もはや家庭料理くらいはかなり出来るようになっていた。

舞衣は結構、煮物とか汁物などシブい献立を好む。酒、醤油、みりん、花かつおがすぐに無くなる家庭だ。おかげで毎日おばあちゃんの家の食卓みたいになっている。ひじきの煮物とか、白和えとか、きんぴらごぼうにしばわかめなんかの常備菜が並ぶ、およそ男子高校生が好まないであろう食事だが、俺はもう生前とこの世界で過ごした時間を合計したらアラサーなので、正直こういうのが美味い。


なんなら日本酒を温めて、鮭の西京焼きとかで晩酌したいくらいだが、舞衣がまだ酒が飲めないから我慢している。一度、一人だけ酒を飲んだら露骨に不機嫌だったからな……。肉体が毎回若返るというのも良いことばかりじゃないんだよ。


「おかわり!」

「あいよ」


妹にご飯を山盛りによそうのは楽しい。おかんの気持ちだ。

料理のステータス向上は、実生活においては非常に幸福度が高い。


翌日、調理実習の献立は偶然にも肉じゃが。それにわかめと油揚げの味噌汁に、小松菜のおひたしという俺の得意料理ばかりだ。

それにしてもこの学校のカリキュラムはどうなってんだ。俺が料理をまったくしなかったら時間割に調理実習は登場しないのだ。随分と俺に都合のいい世界じゃないかと思うかもしれないが、それでも難易度がクソ高いんだよ。圧倒的な成果を出してようやく、女の子からへぇ、いいじゃんと思われるわけで。

音楽だの美術だのの授業なんか毎回地獄なんだ。基本的にドン引きだからな。そう考えるとなおさら料理のスキルを上げるのって割に合わないよなぁ。でも毎日の食事のときに舞衣が笑顔でいてくれることより大事なことなどないから仕方がないな。

じゃがいもを洗っていると、懐かしい声を聞いた。


「あら、お芋を洗うのが上手ですねえ。いつも芋洗いされているのかしら?」


そのセリフの主は、長い黒髪を丁寧に編み上げたヘアスタイル。涼やかな目元に、泣きぼくろが一つ。和装が似合いそうな、うなじに色気のあるタイプ。

初めてこの世界にやってきたときに同じ料理部で過ごした、テレ屋で将棋好きの女の子。


間違いない。望比都沙羅もうひと さらの出会いイベントだ。


懐かしい。本当に懐かしい。十年以上話していないもんな。久しぶりに話せて嬉しいが、それを態度に表すことは出来ない。彼女は俺のことをまったく知らないのだ。はじめましてなのである。

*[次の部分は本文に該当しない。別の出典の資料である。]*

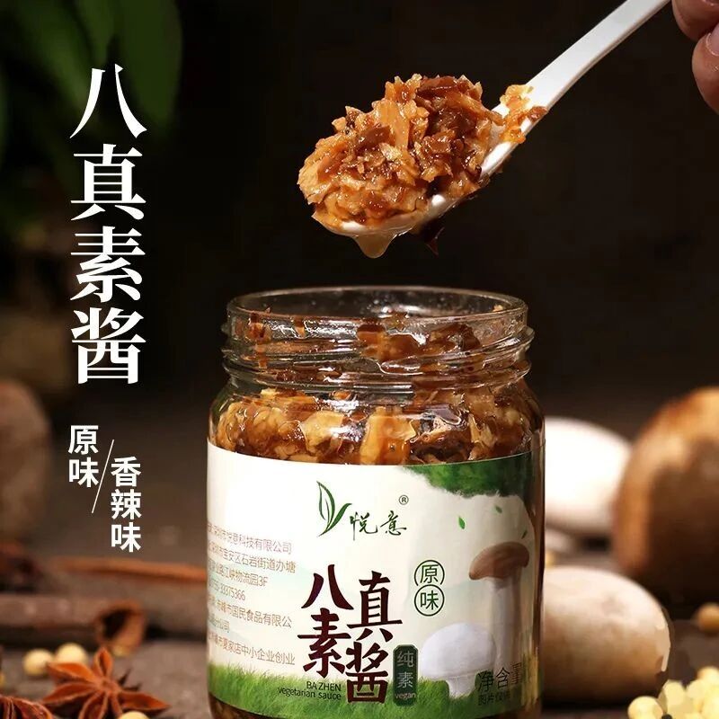 人长大了总免不得要离家,远离父母求学的学子,在外打拼的打工人,远离了家乡的旅人……在异乡的饭菜总有不合胃口的,这时总会想起妈妈做的纯天然酱菜!因为市面上许多酱菜都难逃食品添加剂,即使因为嘴馋买了也总是不放心!今天素小编给大家推荐一款无添加宝藏好酱--【悦意】八真酱,它酱香醇厚、味道鲜美,只需一小勺,便能让一碗平淡的白米饭或一碗清水面条瞬间有了鲜活的味道。【悦意】八真酱的“八真”指的是八种主要配料:杏鲍菇、非转基因大豆蛋白、非转基因大豆油、草原白蘑、姬松茸、猴头菇、花生碎、葵花籽仁。
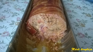 Gombás, sajtos töltött fasírt, baconbe tekerve
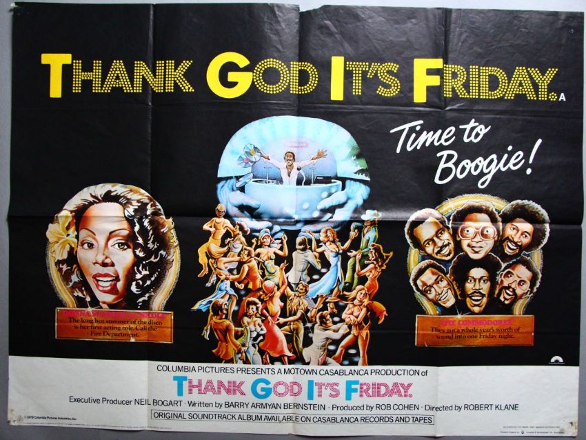 Ten British Quad film posters to include "Thank God It's Friday", Hair, Streets of Fire, Evita, Rain Man, Zandalee, Cider House Rules, Dance with a Stranger etc
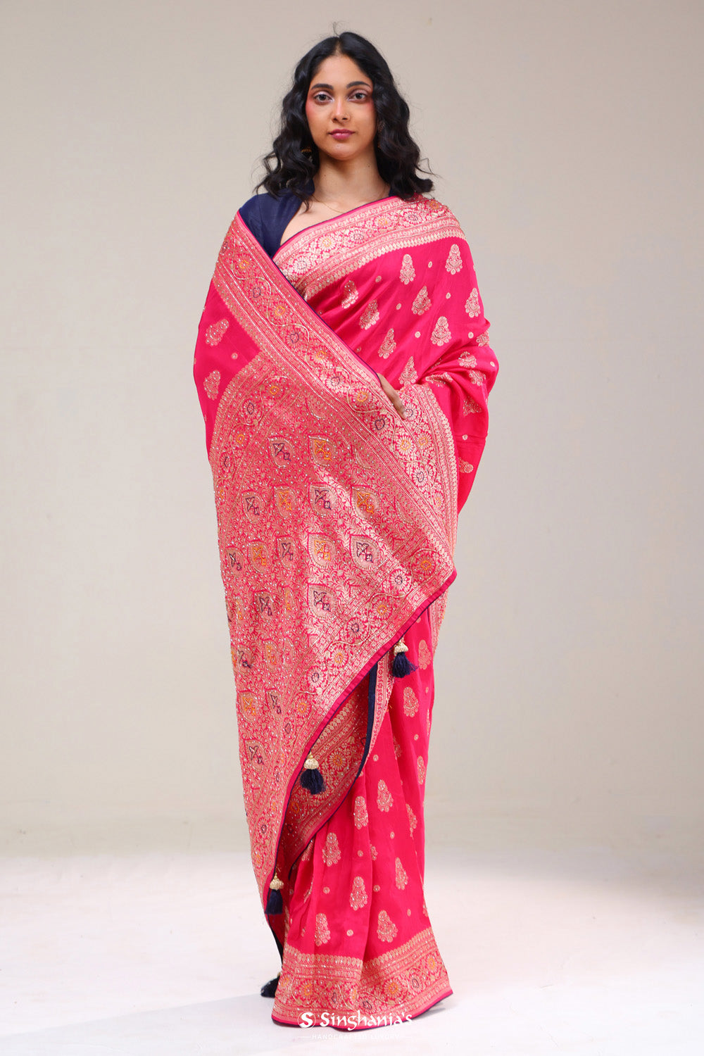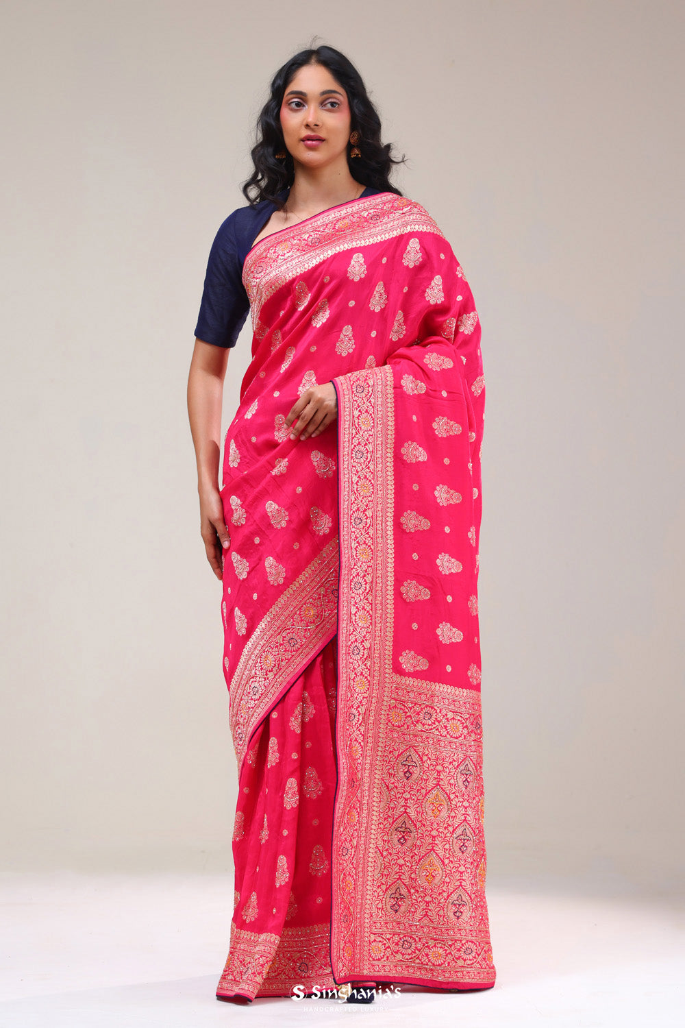 Amaranth Pink Silk Butta Handcrafted Saree
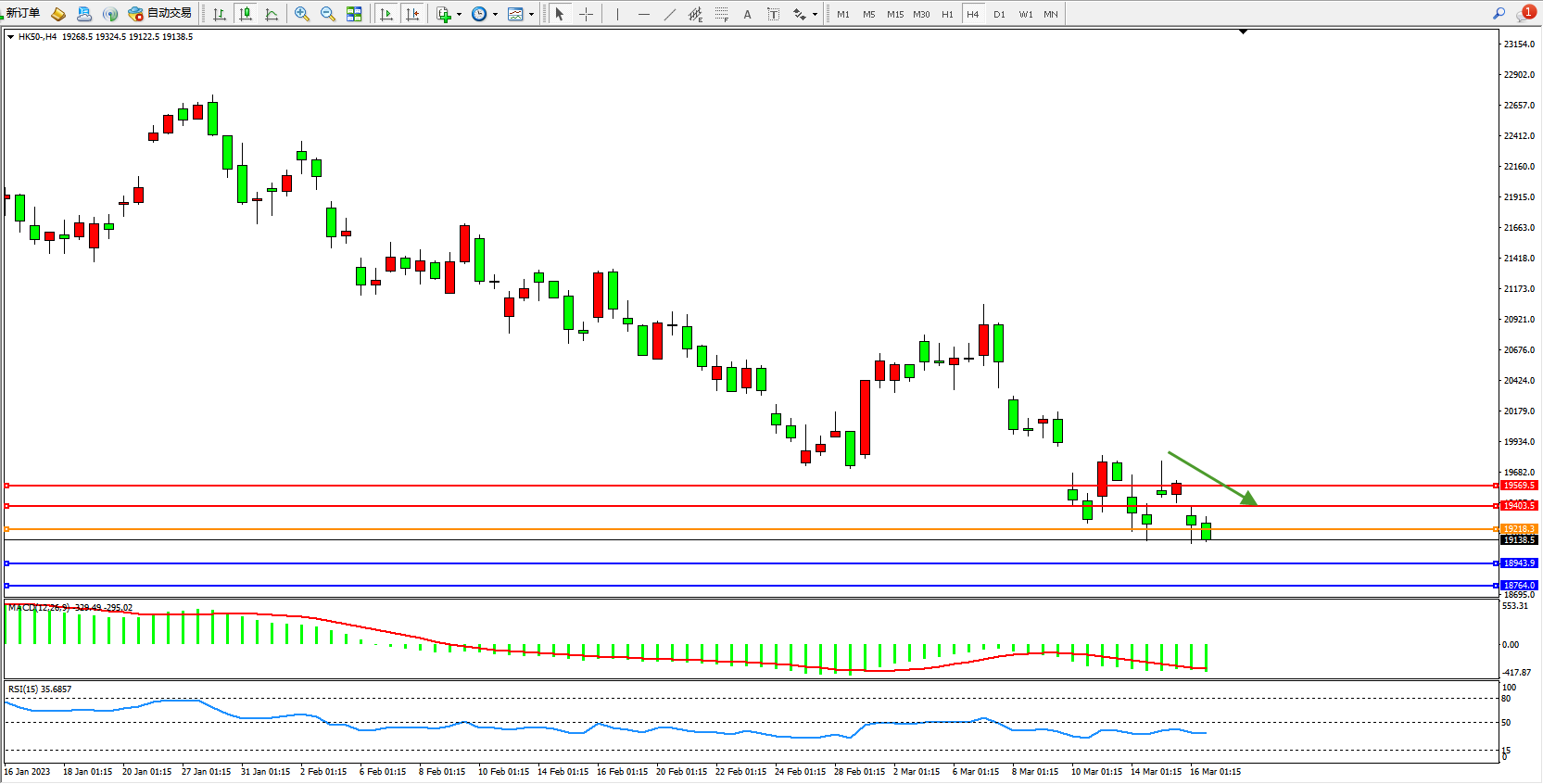 恒指HK50 4小时图
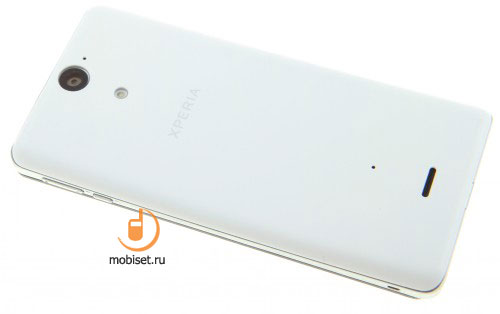 Задняя поверхность вогнутая, как это уже было ранее и встречалось в других устройствах Sony не один раз. Оформление скромное, никаких излишеств: вверху объектив камеры и вспышка, внизу отверстие динамика. Также тут находятся два микрофона.

そして、彼女の特徴といえば皮肉。これも皮肉なのかなあ。


「まあ、そうですね。妹がじゃがいも好きなんで」

「へぇ~。庶民的でよろしいですね」


あー、そういうことか。じゃがいもは安いから、洗い慣れていることは貧乏だって、そういう意味なんだ。なるほどなあ、クイズみたい。


「皮は向くものなのに、丁寧なことで」


なるほどなるほど、確かにな。


「でも、これは新じゃがだから剥かないで食べた方が美味しいよ」

「皮を剥かない。それはそれは上品なことで」


あ、沙羅さんは新じゃがの皮の旨さを知らないのか。決して下品なんかじゃねえことを教えてやる。


芋を煮ていると、沙羅さんがおすそ分けをくれた。


「御御御付、薄くないでしょうか。ちょっと上品すぎるかもしれません」


俺が下品な味覚である前提なんですね。

出会った頃は親密度が低いから、こんなもんなんだろうけど、沙羅さんはちょっとわかりやすいかもしれないね。

まぁいいや。

ずず……。

うまい! どうやったらこんなにいい出汁が出せるのか! さすがだ。


「美味しいよ、めちゃくちゃ美味しいよ」

「そ、そうですか」

「さすがだなあ。料理部のエースだなあ」

「私のことを知っていたのですか」

「それはもう」


二周目、いや五周目だからな。特に沙羅さんのことは特別な思い入れがある。決して忘れることなんて出来ない。

当時はわけのわからない食材を使ったわけのわからない料理だったけど、沙羅さんの和食はしっくりくるなあ。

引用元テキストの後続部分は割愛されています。